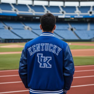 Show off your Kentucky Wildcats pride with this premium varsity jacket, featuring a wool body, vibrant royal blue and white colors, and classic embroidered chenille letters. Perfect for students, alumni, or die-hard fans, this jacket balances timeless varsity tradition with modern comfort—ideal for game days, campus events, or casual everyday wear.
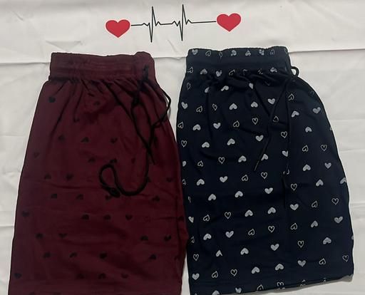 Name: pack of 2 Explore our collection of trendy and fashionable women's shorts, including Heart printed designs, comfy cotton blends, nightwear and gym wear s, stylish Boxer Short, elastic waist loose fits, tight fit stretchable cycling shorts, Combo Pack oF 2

──────

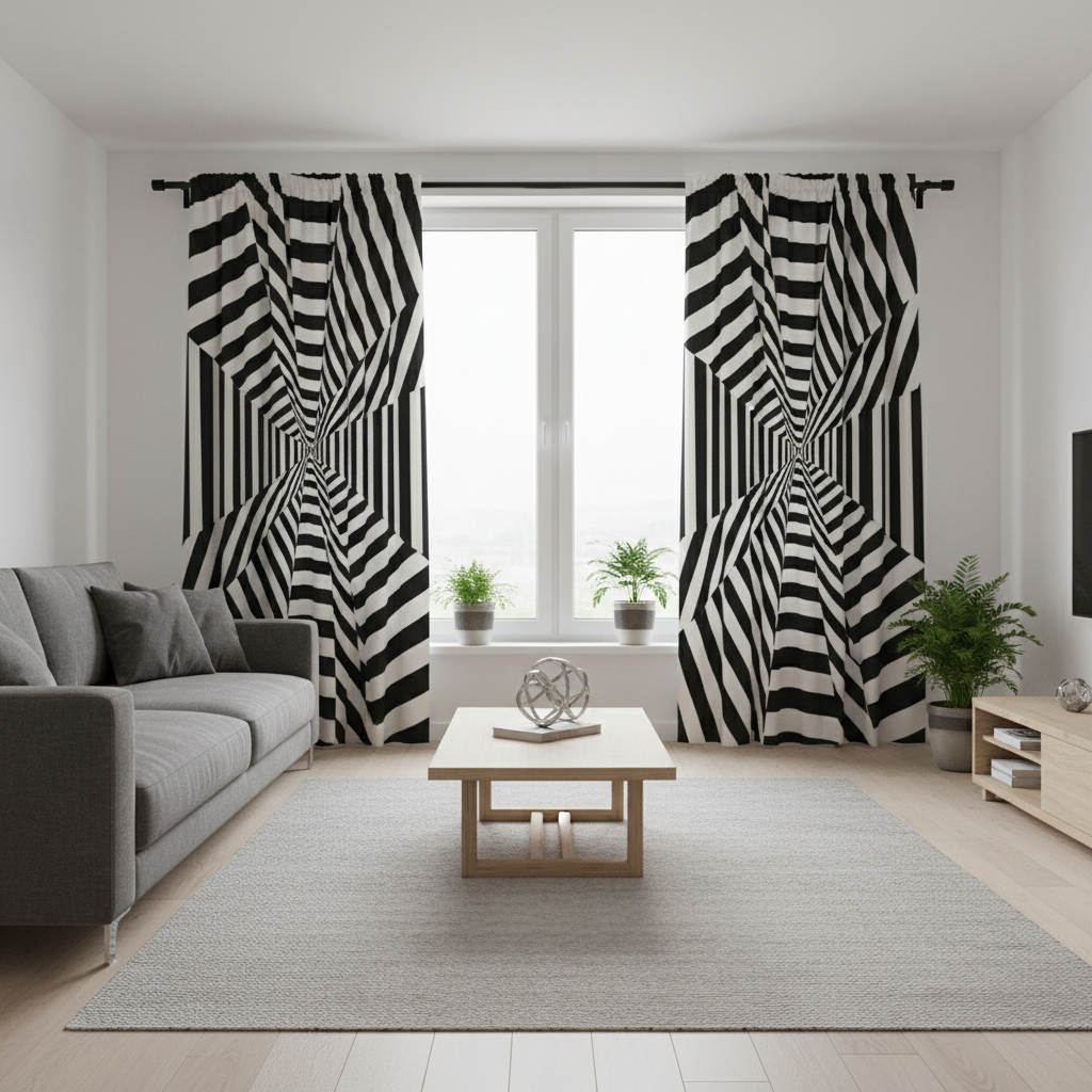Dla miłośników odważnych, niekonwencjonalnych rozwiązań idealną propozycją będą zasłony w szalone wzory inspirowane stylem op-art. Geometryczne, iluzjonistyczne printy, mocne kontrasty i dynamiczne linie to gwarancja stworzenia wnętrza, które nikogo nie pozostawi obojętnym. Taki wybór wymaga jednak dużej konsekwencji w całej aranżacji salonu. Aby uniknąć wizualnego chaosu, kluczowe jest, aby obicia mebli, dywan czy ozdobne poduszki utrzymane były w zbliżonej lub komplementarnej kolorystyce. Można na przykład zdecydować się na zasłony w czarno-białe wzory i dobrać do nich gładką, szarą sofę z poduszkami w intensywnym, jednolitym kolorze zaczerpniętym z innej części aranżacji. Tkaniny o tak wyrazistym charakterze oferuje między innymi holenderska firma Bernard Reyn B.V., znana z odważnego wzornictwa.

──────

→ **TRY IT**
Pictures excluded, reproduce only the part above that opens with the line holding "Show off your" and closes with the line holding "Name: pack of", exactly as written.

→ **SOLUTION**
 Show off your Kentucky Wildcats pride with this premium varsity jacket, featuring a wool body, vibrant royal blue and white colors, and classic embroidered chenille letters. Perfect for students, alumni, or die-hard fans, this jacket balances timeless varsity tradition with modern comfort—ideal for game days, campus events, or casual everyday wear.
 Name: pack of 2 Explore our collection of trendy and fashionable women's shorts, including Heart printed designs, comfy cotton blends, nightwear and gym wear s, stylish Boxer Short, elastic waist loose fits, tight fit stretchable cycling shorts, Combo Pack oF 2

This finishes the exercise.